La distribución de la riqueza trasciende el ámbito académico; configura fundamentalmente la vitalidad social y económica. Las sociedades con una riqueza altamente concentrada corren el riesgo de cristalizarse en sistemas de dos niveles donde las minorías privilegiadas gozan de ventajas en salud, educación e influencia política, mientras que las mayorías luchan con perspectivas disminuidas. Por lo tanto, comprender estas disparidades se vuelve esencial para construir un futuro europeo más equitativo y resiliente.

Los que tienen y los que no tienen.

La brecha de riqueza en Europa revela profundas divisiones continentales que desafían las ideas preconcebidas sobre prosperidad e igualdad. Según los últimos datos de 2021 (Figura 1), Alemania, España e Irlanda presentan la mayor concentración de riqueza, con un índice de Gini en Alemania que alcanza la cifra extraordinaria de 72,6. Eslovaquia, Polonia y Chequia, por el contrario, mantienen las distribuciones de riqueza más equitativas del continente.

Estas cifras eclipsan las medidas de desigualdad de ingresos, que suelen oscilar entre valores de Gini de 20 a 38 en todo el bloque. Esta disparidad subraya una realidad crucial que suele estar ausente del discurso público: la concentración de la riqueza supera con creces la concentración de los ingresos, creando desequilibrios de poder que las estadísticas de ingresos por sí solas no pueden captar.

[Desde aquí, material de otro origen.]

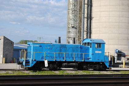 Independent Locomotive Service SW1200 9, nee St. Louis-Southwestern 1064, built by Electro-Motive Division in 1964 at the grain elevator. I drove west to Indiana and the Amtrak station in Waterloo.

La concentración revela extremos preocupantes. En Estonia, España y Alemania, el cinco por ciento más rico controla más del 40 por ciento de la riqueza nacional. La mitad inferior de la población alemana posee en conjunto solo el cuatro por ciento de la riqueza total, una cifra que debería hacer reflexionar a cualquiera preocupado por la participación democrática y la movilidad social. Incluso Eslovaquia, la nación más igualitaria del estudio, ve a su mitad más pobre controlando solo el 17% de la riqueza nacional. Estas estadísticas representan algo más que una desigualdad abstracta; encarnan desequilibrios fundamentales en el poder económico y en las oportunidades de vida.

Más allá del trío más desigual, los diez primeros puestos están ocupados principalmente por países de la UE-15: Francia, Austria, Países Bajos, Finlandia, Italia y Luxemburgo, con Estonia como única excepción. El resto de los diez países más igualitarios también se concentran en Europa central y oriental o en el Mediterráneo: Malta, Grecia, Eslovenia, Lituania, Hungría, Croacia y Chipre. Este patrón geográfico podría sugerir que factores históricos e institucionales condicionan la distribución de la riqueza, pero surge una paradoja. Los países caracterizados por una alta desigualdad de riqueza suelen poseer la mayor riqueza absoluta, mientras que las naciones más igualitarias tienden a tener niveles de riqueza general más bajos. Esta correlación plantea preguntas incómodas sobre si la prosperidad inevitablemente genera desigualdad.

Trayectorias Divergentes

La evolución de la desigualdad de la riqueza entre 2010 y 2021 desafía las narrativas simplistas. La desigualdad aumentó en nueve países mientras que disminuyó en trece, lo que dibuja un panorama complejo de fortunas cambiantes en todo el continente. España, Finlandia y Estonia experimentaron aumentos significativos y sostenidos durante todo el período. Mientras tanto, Eslovenia e Italia experimentaron aumentos repentinos y pronunciados que transformaron sus panoramas de desigualdad en un corto período de tiempo.

Entre las naciones donde la desigualdad disminuyó, la tendencia a menudo reflejó una mejora sostenida. Letonia, Irlanda, Austria, Alemania y Luxemburgo —varios de los cuales se encontraban entre los países más desiguales de Europa al comienzo del período— experimentaron reducciones constantes. Este patrón sugiere una convergencia tentativa, ya que los países con gran desigualdad vieron cómo se reducían las disparidades, mientras que algunas naciones igualitarias, como Eslovenia, Grecia y Eslovaquia, experimentaron brechas crecientes.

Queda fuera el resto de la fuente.